_Problem description_. Write out the following listing's lines from the one with "Сістаматычны ўлік ведаў, уменняў" to the one with "這些獲批的游戲來自哪些城市?", exactly, with both included and no others.

_Data listing_.
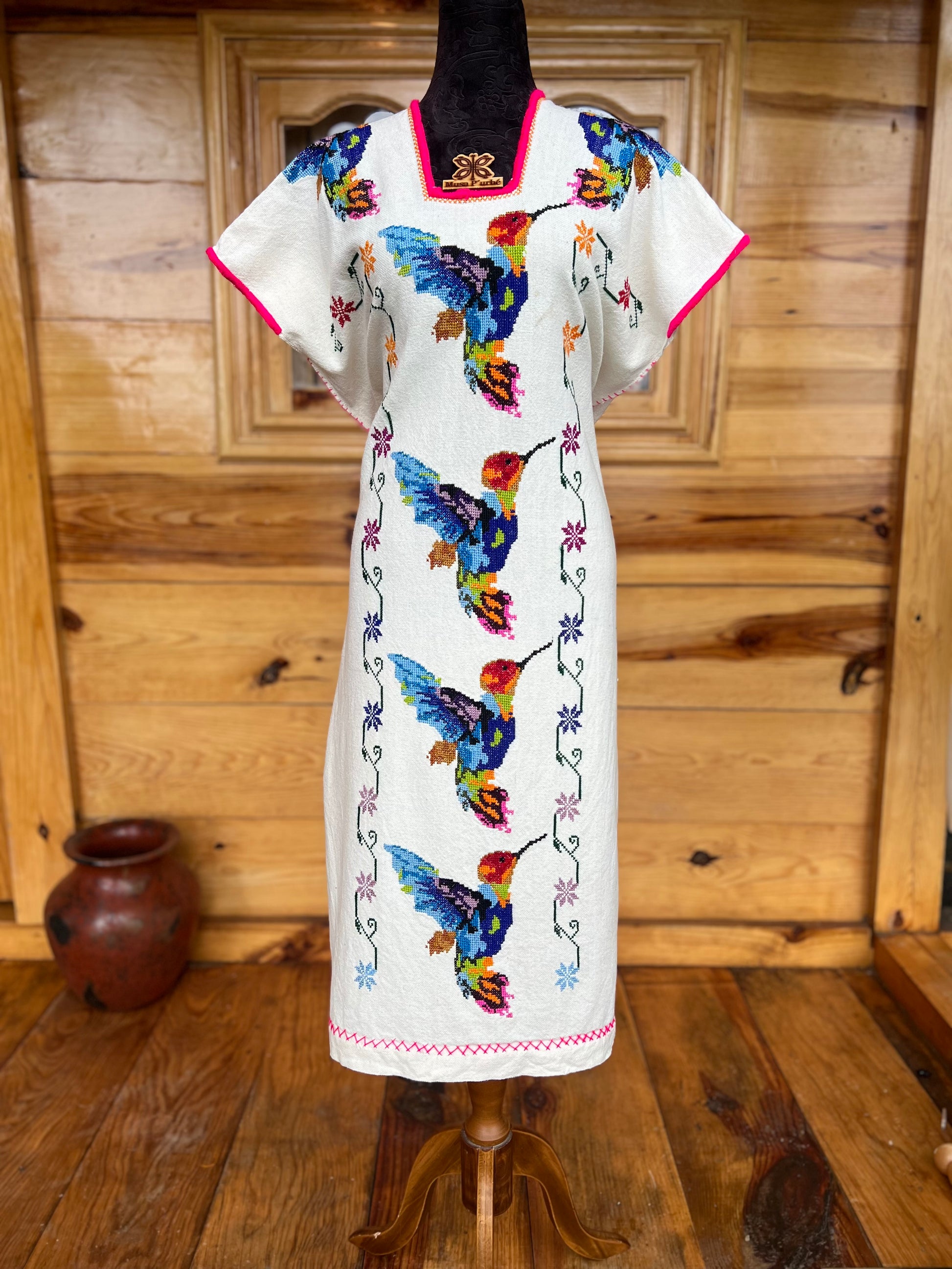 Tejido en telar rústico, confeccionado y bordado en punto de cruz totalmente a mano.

---

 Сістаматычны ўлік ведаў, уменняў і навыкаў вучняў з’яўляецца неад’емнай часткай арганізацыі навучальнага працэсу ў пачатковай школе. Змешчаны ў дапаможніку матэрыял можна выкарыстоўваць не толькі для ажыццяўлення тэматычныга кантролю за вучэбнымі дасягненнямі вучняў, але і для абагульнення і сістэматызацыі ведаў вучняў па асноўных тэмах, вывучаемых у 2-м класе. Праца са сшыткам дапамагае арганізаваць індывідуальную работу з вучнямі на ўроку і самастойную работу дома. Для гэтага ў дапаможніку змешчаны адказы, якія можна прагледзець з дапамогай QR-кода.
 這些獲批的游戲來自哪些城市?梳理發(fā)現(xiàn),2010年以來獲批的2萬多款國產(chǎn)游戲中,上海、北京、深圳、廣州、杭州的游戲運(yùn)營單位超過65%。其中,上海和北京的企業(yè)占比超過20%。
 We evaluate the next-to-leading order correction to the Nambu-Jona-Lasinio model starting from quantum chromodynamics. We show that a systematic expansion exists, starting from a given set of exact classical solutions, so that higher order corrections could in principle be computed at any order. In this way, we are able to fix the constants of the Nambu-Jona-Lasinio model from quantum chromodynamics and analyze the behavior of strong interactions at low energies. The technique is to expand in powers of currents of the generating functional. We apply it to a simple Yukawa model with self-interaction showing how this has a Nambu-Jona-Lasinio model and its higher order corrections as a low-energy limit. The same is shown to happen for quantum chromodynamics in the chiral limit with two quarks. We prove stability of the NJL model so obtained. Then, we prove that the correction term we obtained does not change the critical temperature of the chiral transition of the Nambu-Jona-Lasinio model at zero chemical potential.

_Completed task_.
 Сістаматычны ўлік ведаў, уменняў і навыкаў вучняў з’яўляецца неад’емнай часткай арганізацыі навучальнага працэсу ў пачатковай школе. Змешчаны ў дапаможніку матэрыял можна выкарыстоўваць не толькі для ажыццяўлення тэматычныга кантролю за вучэбнымі дасягненнямі вучняў, але і для абагульнення і сістэматызацыі ведаў вучняў па асноўных тэмах, вывучаемых у 2-м класе. Праца са сшыткам дапамагае арганізаваць індывідуальную работу з вучнямі на ўроку і самастойную работу дома. Для гэтага ў дапаможніку змешчаны адказы, якія можна прагледзець з дапамогай QR-кода.
 這些獲批的游戲來自哪些城市?梳理發(fā)現(xiàn),2010年以來獲批的2萬多款國產(chǎn)游戲中,上海、北京、深圳、廣州、杭州的游戲運(yùn)營單位超過65%。其中,上海和北京的企業(yè)占比超過20%。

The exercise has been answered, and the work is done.